Biola University in La Mirada, Calif., is set to launch a center mixing Christianity and the arts due in large part to the vision of renowned philanthropic couple Howard and Roberta Ahmanson, who are considered among the top influential evangelicals in the U.S.
"This new center will seek to celebrate the role and promise of the arts in understanding our world and in representing a version of truth and beauty to a world that stands in need of a reminder," said David P. Nystrom, Biola's provost and senior vice president. "We hope the Center will prompt us to recognize the beauty and brokenness of our world, and to foster within us affection for it while recognizing that it stands in need of the healing that is the promise of God."
The Center for Christianity, Culture, and the Arts, which plans to have an opening celebration next Friday, grew out of Biola University's first "Year of the Arts" in 2011-2012. As Visionary-in-Residence for that year, Roberta Green Ahmanson contributed to bringing a wide variety of artists and thinkers to the Biola campus.
Lectures, concerts, random acts of culture, art exhibitions and a charette to design a sacred space for a ranch serving men recovering from drug and alcohol abuse, homelessness and prison time were all part of that year, centered on the theme "Sanctuary and Sacred Space," Biola officials said.

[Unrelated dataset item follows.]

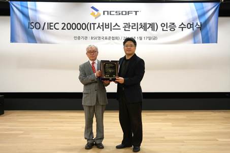 17일 진행된 인증 수여식에서 천정기 BSI코리아 회장(왼쪽)이 노병호 엔씨소프트 전무에게 상패를 전달하고 있다.
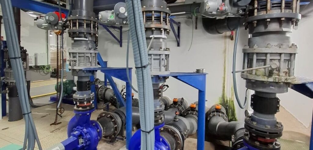 Las válvulas asociadas a esos filtros necesitan abrirse, cerrarse y regularse de forma precisa y fiable. Hacer eso manualmente en una instalación de esta envergadura no es viable: los ciclos de operación son continuos, las condiciones ambientales son exigentes (humedad constante, ambiente salino) y cualquier fallo o retraso en la maniobra puede tener consecuencias directas sobre la calidad del agua y, en último término, sobre los animales.

"We have launched the Center because we believe in the power of art," Nystrom writes in an announcement on the school's website. "It is especially needful, perhaps, in an age prizing immediate and utilitarian visions. Art has the capacity to remind us of who we are, of where we have been, and of that to which we should aspire. It can open before us the long story of human endeavor, of our brokenness and our capacity for beauty and our need for healing and reconciliation. It has the potential to express the deepest truth about ourselves."
He added that, through the Center, the college hopes to afford the Biola community and greater Los Angeles with a wide variety of opportunities to "experience and think about the arts and about that which artistic expression can teach us."
The university program also hopes to encourage younger artists with "visions for the possible" and for accomplished artists to have a gathering space to learn from each other and to grow.
Howard and Roberta Ahmanson have supported the arts for several decades. They have sponsored major exhibitions at the National Gallery in London and at the Hirshhorn Museum at the Smithsonian in Washington, D.C., according to the university. In addition, Roberta Ahmanson is a member of the Collectors Committee of the National Gallery in Washington, D.C. She is a frequent speaker for the International Arts Movement in New York and has spoken about the relationship between faith, culture, and the role of the arts in public life throughout the world.
In 2005, Time Magazine listed the Ahmansons among the 25 "most influential U.S. evangelicals." The Ahmansons make their contributions through Fieldstead and Company, a private philanthropy founded by Howard Ahmanson in 1979.
Biola received a $750,000 grant from Fieldstead and Company to establish the new center.
The opening night event on Friday includes the newly renovated art gallery featuring the show, "Amass: The Paintings of Linnéa Gabriella Spransy." Later in the evening, a formal program will commence outside the gallery featuring Dana Gioia, Judge Widney Professor of Poetry and Public Culture, USC, and Howard and Roberta Ahmanson. The gallery will be dedicated to Roberta's parents, Earl and Virginia Green.
The event, open for free to the public, will also include a jazz concert on the lawn in the middle of Biola's campus adjacent to the art gallery. Biola professor and renowned jazz musician Rique Pantoja has assembled four other powerful jazz artists to join him. The five musicians – Rique Pantoja, keyboard; Alex Acuña, drums and percussion; Abe Laboriel, Sr., bass; Mike Bagasao, sax; and gospel vocalist, Linda McCrary – share a spiritual and artistic depth as they play across musical idioms encompassing jazz, contemporary Christian, Latin and gospel music forms.